On the Control of the Stratosphere-Troposphere Dynamical Coupling by Finite-amplitude Rossby Waves

A diagnostic relationship between finite-amplitude wave activity and the associated adiabatic adjustments to the zonal flow is used to investigate the downward influence of stratospheric polar vortex weakening events. Unlike most previous theories based on the Eulerian zonal mean, a new formalism of wave activity density (negative pseudomomentum) that works for small and large-amplitude eddies has been applied. The net adjustment to the mean flow by eddies is quantified by calculated eddy-free reference state flow, which is constructed by zonalizing potential vorticity (PV) contours conservatively and by inverting the resultant PV gradient. The result suggests that the downward migration of wind anomalies from the stratosphere to the surface is largely explained by conservative dynamics due to direct (local) effect of eddy activity with nonnegligible contribution by nonconservative effects. The net adiabatic adjustment to the mean flow is consistent with enhanced finite-amplitude wave activity during the events.

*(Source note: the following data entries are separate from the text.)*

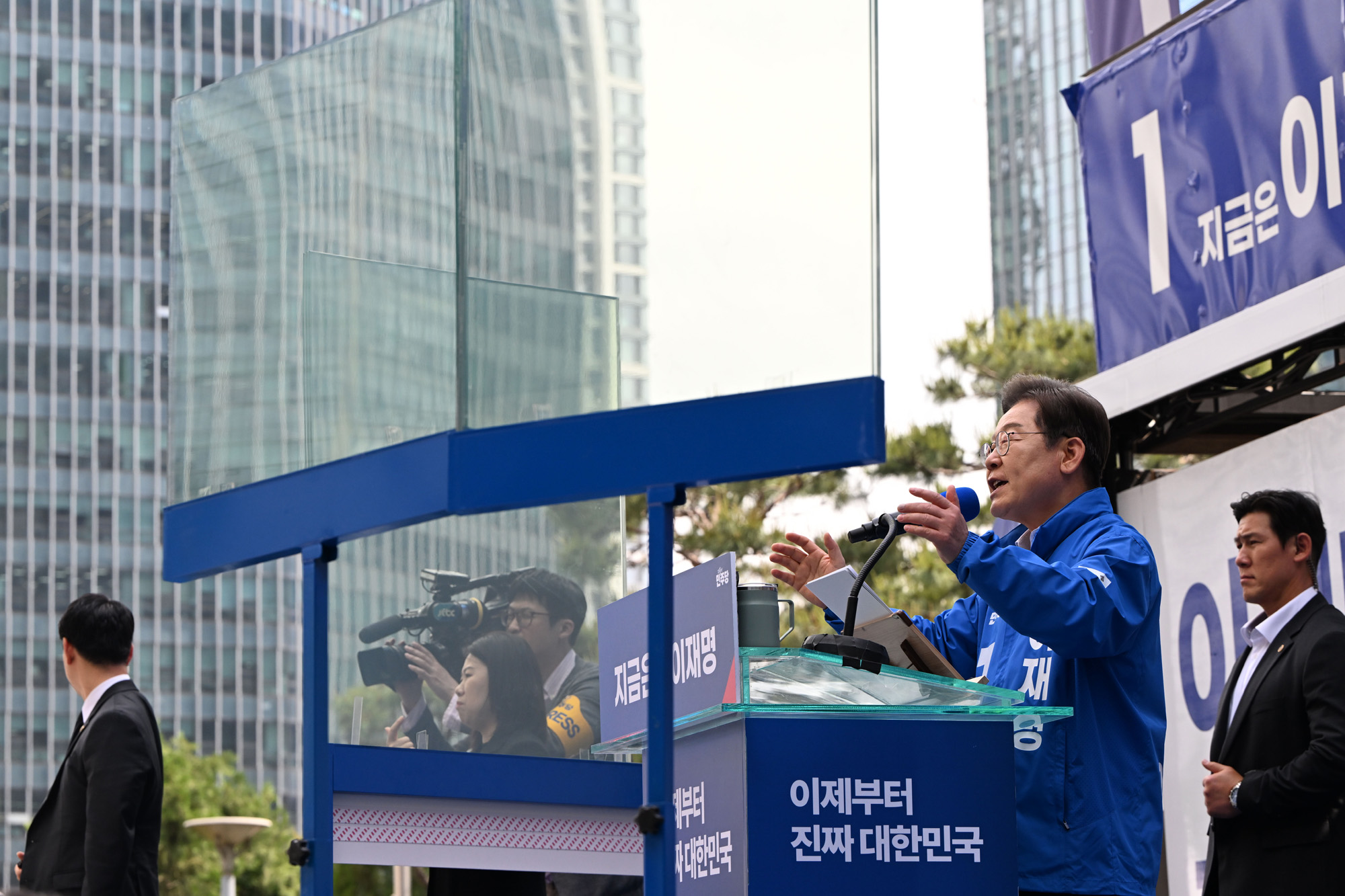 더불어민주당 이재명 대선후보 용산집중유세, 방탄유리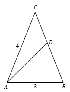 W trójkącie równoramiennym ABC dane są: |AC|=|BC|=4 i |AB|=3. Na boku BC, między punktami B i C, wybrano taki punkt D, że trójkąty ABC i BDA są podobne (zobacz rysunek).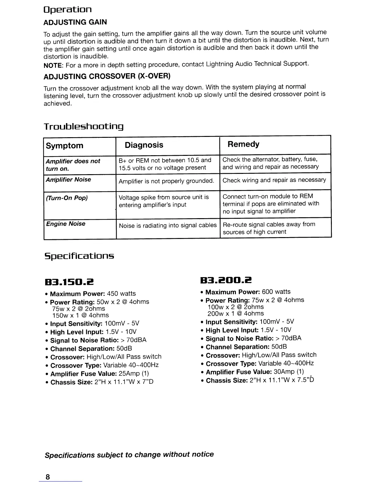 NOTE: For a more in depth setting procedure, contact Lightning Audio Technical Support.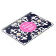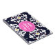 Ein Geschenk, das mit Ihrem Monogramm innerhalb des rosa Kreises in der Mitte personalisiert sein kann. Hintergrund ist Marineblau und -WEISS ikat Muster.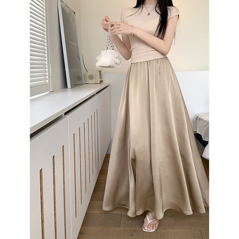 新款潮韩系缎面大摆长裙松紧腰显瘦A字垂坠感半身裙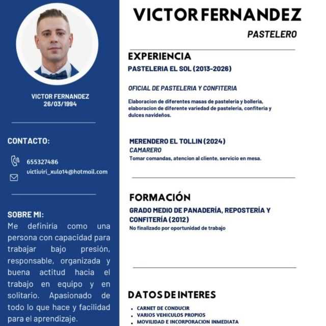 13 años de experiencia oficial pastelero - El sol

After the onset of the events, the contribution by nonconservative effects that stem from eddy-induced mixing and non-adiabatic forcing become important and act to dampen the effect of advective eddy-mean flow interaction in the lower-to-upper stratosphere. It is also found that the assumed no-slip surface boundary condition for the reference state is more suitable to quantify the adiabatic adjustments by eddy to the zonal flow. The relative roles of finite-amplitude wave activity in the stratosphere and troposphere for the above-mentioned mechanism will also be discussed.